━━ Extracted information
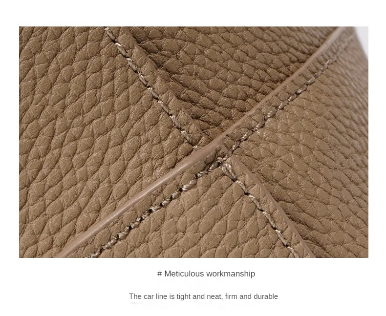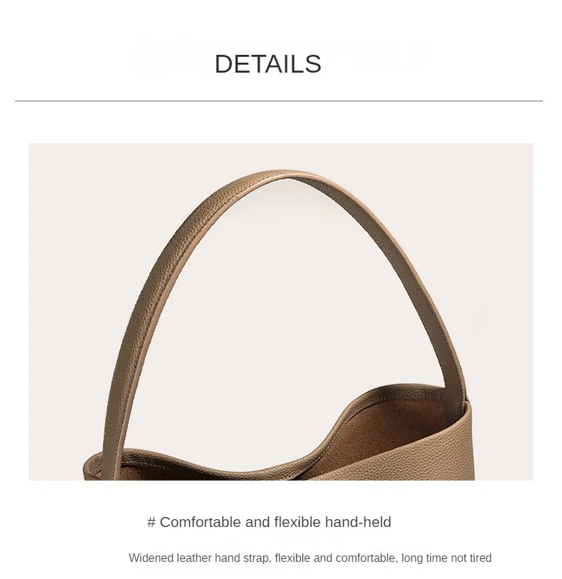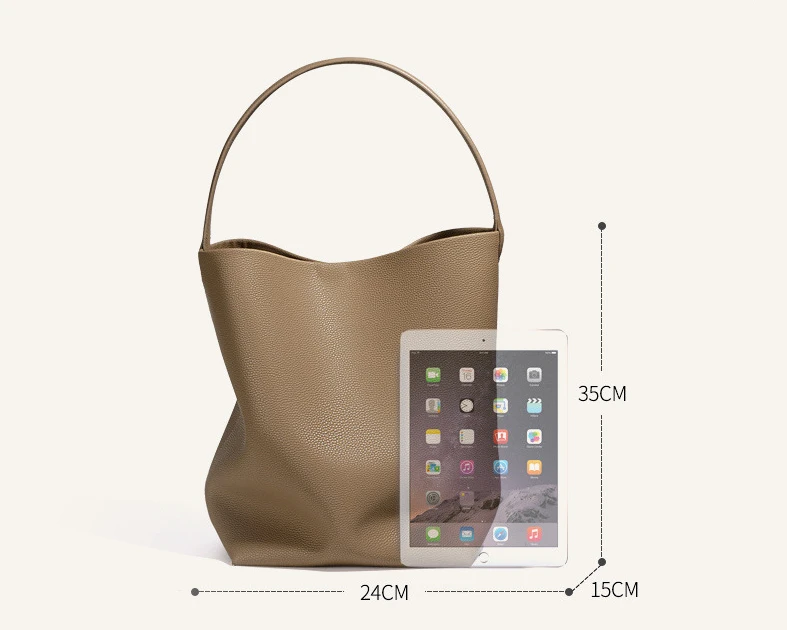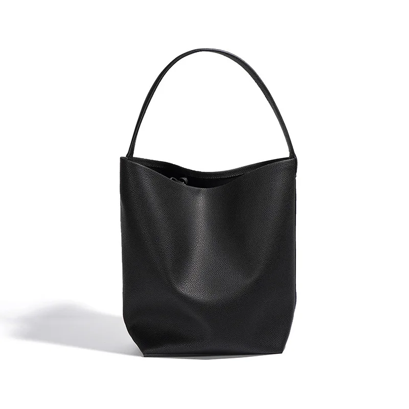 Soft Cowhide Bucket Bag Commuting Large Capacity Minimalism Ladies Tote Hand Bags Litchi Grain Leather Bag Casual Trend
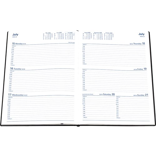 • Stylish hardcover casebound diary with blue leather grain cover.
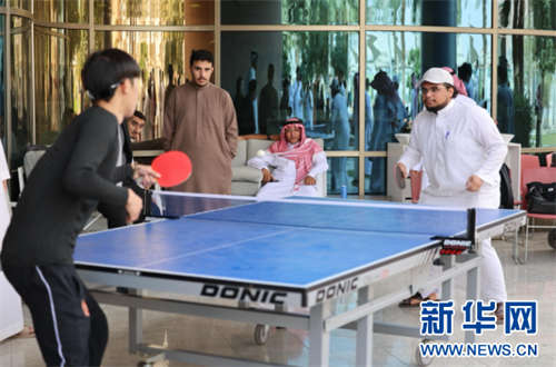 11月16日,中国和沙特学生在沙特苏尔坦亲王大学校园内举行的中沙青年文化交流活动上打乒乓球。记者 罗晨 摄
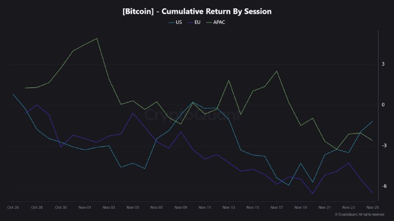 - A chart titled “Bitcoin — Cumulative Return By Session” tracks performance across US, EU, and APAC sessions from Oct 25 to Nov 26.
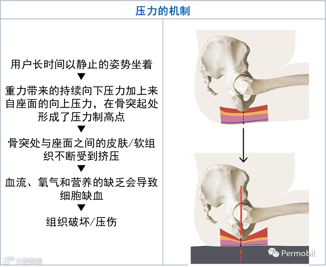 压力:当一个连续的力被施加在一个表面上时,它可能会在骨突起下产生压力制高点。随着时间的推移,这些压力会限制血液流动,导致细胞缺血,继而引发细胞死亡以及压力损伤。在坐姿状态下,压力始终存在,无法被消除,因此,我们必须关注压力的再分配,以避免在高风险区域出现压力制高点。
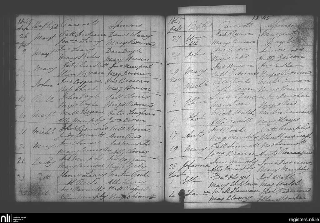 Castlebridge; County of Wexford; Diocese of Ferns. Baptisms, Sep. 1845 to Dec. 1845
━━━━
━━ Extracted information
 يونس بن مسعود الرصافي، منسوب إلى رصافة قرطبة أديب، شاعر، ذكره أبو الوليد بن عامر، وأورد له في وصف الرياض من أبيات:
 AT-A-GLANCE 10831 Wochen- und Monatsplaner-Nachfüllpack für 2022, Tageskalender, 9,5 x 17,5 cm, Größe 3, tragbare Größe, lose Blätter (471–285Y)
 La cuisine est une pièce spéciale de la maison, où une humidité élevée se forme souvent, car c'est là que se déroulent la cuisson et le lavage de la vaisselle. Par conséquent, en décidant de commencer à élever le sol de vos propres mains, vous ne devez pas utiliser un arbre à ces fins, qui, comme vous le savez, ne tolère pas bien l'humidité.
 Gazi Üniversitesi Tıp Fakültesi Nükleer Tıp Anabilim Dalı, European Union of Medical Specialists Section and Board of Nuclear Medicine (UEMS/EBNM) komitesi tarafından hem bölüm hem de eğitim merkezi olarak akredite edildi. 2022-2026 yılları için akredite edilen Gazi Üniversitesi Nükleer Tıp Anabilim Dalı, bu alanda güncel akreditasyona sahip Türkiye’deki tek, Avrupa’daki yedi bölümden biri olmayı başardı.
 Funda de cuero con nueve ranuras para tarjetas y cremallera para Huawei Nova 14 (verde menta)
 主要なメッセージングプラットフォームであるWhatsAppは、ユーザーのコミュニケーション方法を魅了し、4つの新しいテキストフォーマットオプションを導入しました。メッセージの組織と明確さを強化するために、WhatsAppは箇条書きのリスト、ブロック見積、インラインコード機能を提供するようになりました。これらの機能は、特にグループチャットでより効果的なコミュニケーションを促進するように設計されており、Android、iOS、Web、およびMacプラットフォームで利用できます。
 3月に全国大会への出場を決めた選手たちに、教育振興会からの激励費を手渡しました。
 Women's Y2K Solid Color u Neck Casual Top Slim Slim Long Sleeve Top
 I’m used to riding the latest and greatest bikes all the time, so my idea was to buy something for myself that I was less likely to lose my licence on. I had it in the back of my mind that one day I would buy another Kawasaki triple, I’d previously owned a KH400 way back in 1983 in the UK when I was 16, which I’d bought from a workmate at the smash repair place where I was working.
━━━━
━━ Extracted information
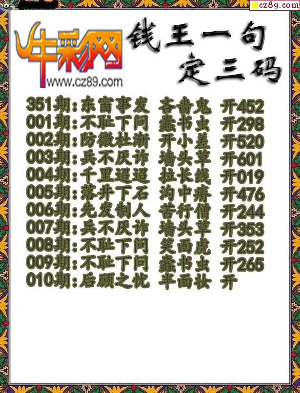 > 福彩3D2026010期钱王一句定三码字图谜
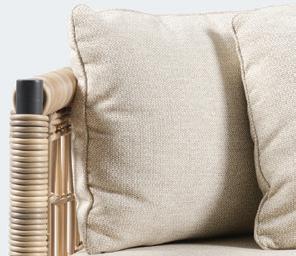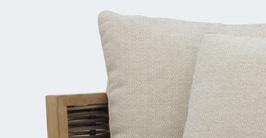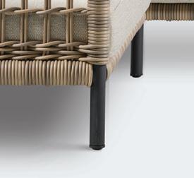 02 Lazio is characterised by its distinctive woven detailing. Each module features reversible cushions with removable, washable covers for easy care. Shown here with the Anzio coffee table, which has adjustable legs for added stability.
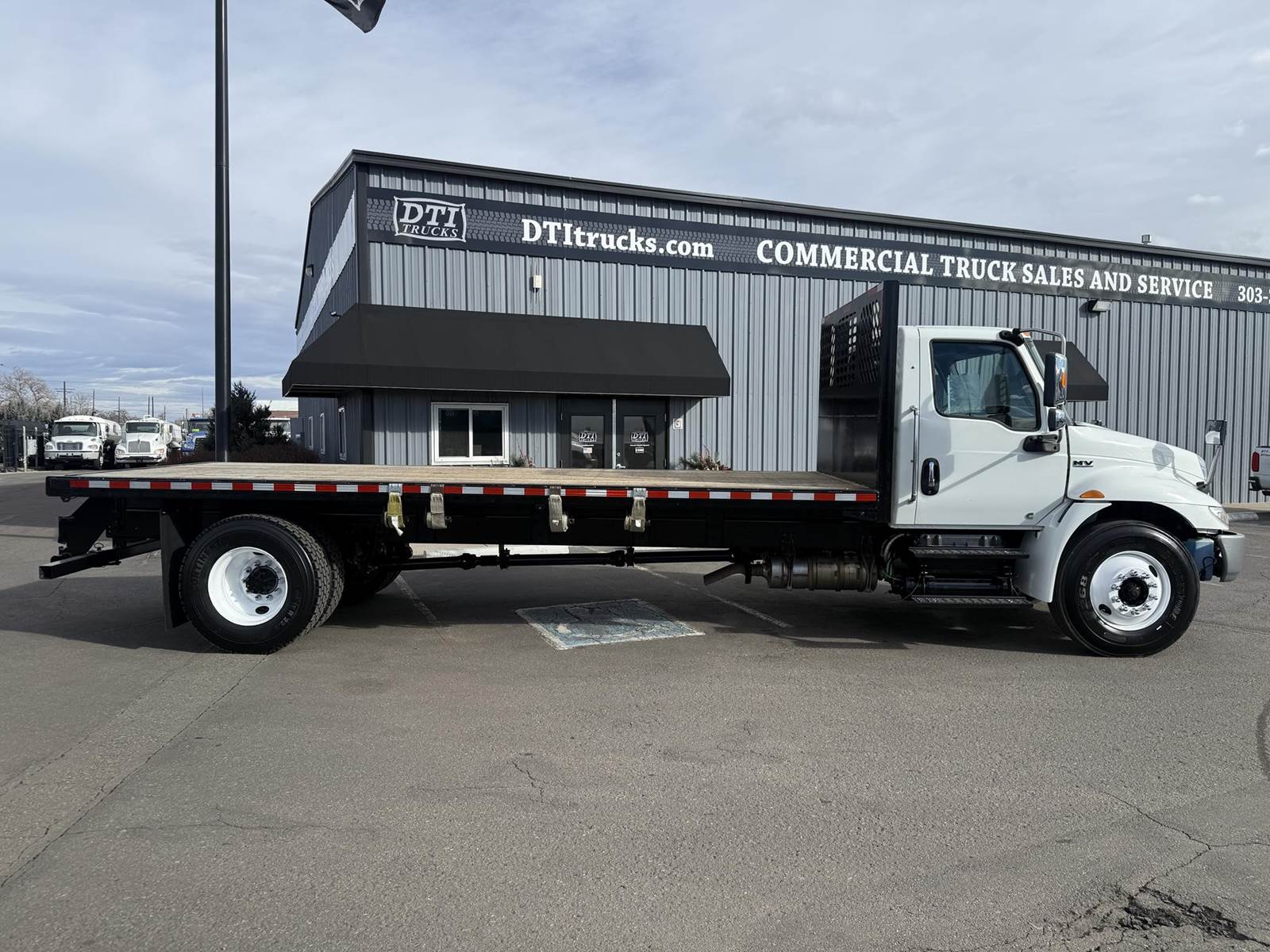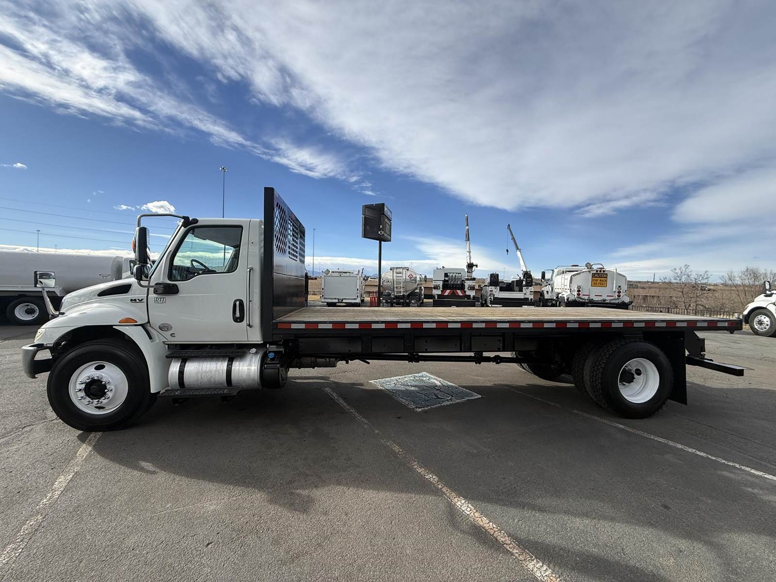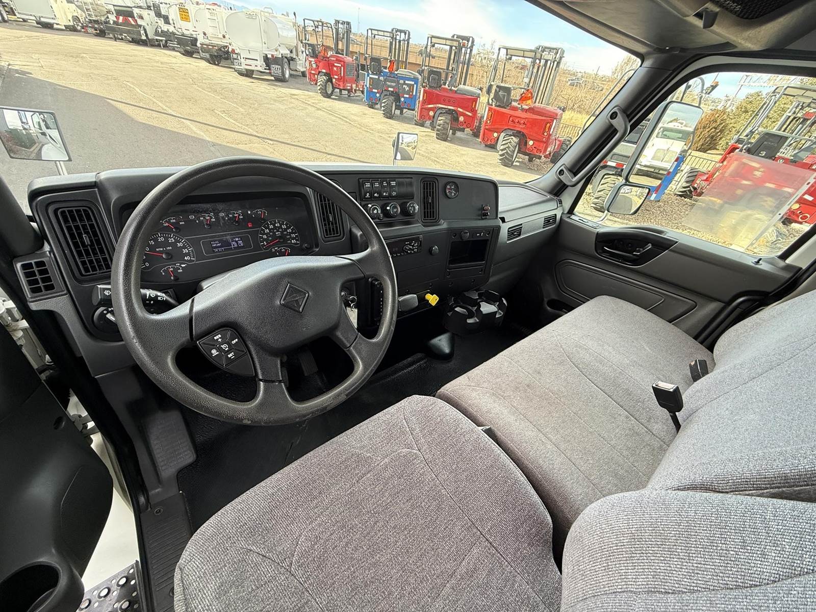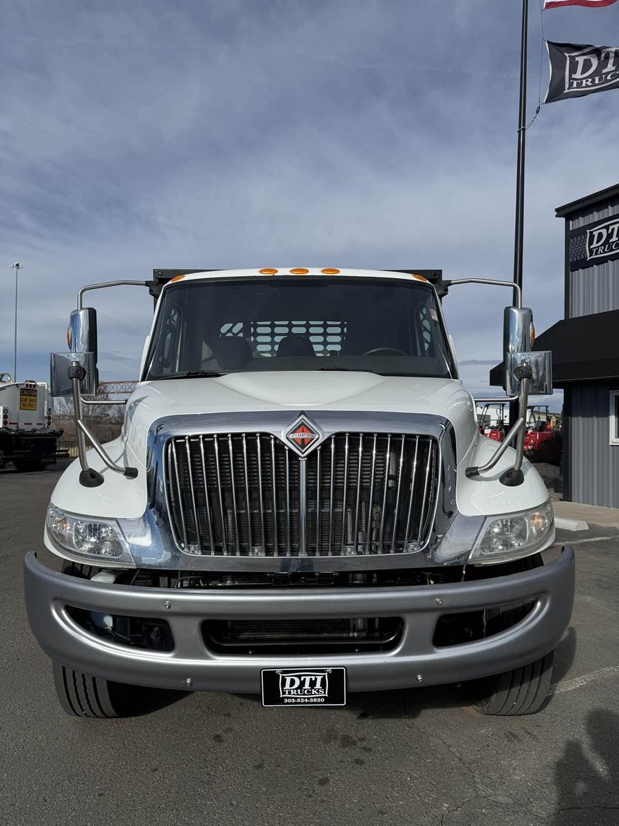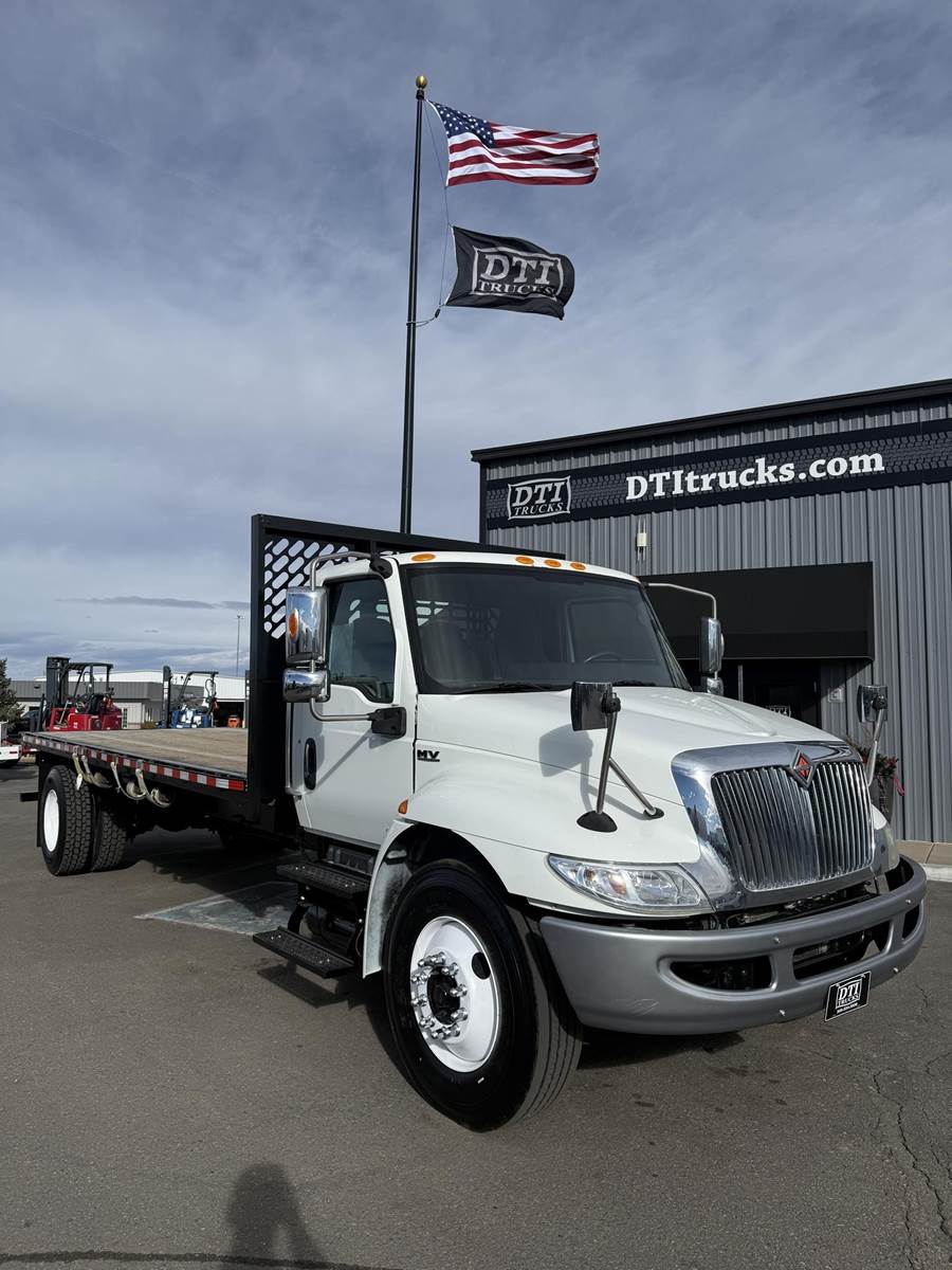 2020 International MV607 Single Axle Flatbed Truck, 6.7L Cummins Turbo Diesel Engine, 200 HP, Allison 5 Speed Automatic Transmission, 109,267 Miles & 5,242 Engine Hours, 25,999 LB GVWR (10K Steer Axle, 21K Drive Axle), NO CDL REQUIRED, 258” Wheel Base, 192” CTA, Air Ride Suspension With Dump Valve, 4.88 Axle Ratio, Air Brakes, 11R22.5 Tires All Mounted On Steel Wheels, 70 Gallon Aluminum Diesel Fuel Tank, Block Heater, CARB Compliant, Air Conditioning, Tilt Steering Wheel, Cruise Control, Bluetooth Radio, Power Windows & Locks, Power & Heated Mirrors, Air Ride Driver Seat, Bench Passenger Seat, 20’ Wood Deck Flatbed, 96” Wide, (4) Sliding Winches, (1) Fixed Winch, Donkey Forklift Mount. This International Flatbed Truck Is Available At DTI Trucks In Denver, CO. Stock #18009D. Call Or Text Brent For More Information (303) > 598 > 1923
━━━━
» **What you need to do**: Leaving out all pictures, set down exactly the lines of the material above, from the line with "Soft Cowhide Bucket" to the line with "Castlebridge; County of" inclusive, and no others.

» **Completed exercise**:
 Soft Cowhide Bucket Bag Commuting Large Capacity Minimalism Ladies Tote Hand Bags Litchi Grain Leather Bag Casual Trend
 • Stylish hardcover casebound diary with blue leather grain cover.
 11月16日,中国和沙特学生在沙特苏尔坦亲王大学校园内举行的中沙青年文化交流活动上打乒乓球。记者 罗晨 摄
 - A chart titled “Bitcoin — Cumulative Return By Session” tracks performance across US, EU, and APAC sessions from Oct 25 to Nov 26.
 压力:当一个连续的力被施加在一个表面上时,它可能会在骨突起下产生压力制高点。随着时间的推移,这些压力会限制血液流动,导致细胞缺血,继而引发细胞死亡以及压力损伤。在坐姿状态下,压力始终存在,无法被消除,因此,我们必须关注压力的再分配,以避免在高风险区域出现压力制高点。
 Castlebridge; County of Wexford; Diocese of Ferns. Baptisms, Sep. 1845 to Dec. 1845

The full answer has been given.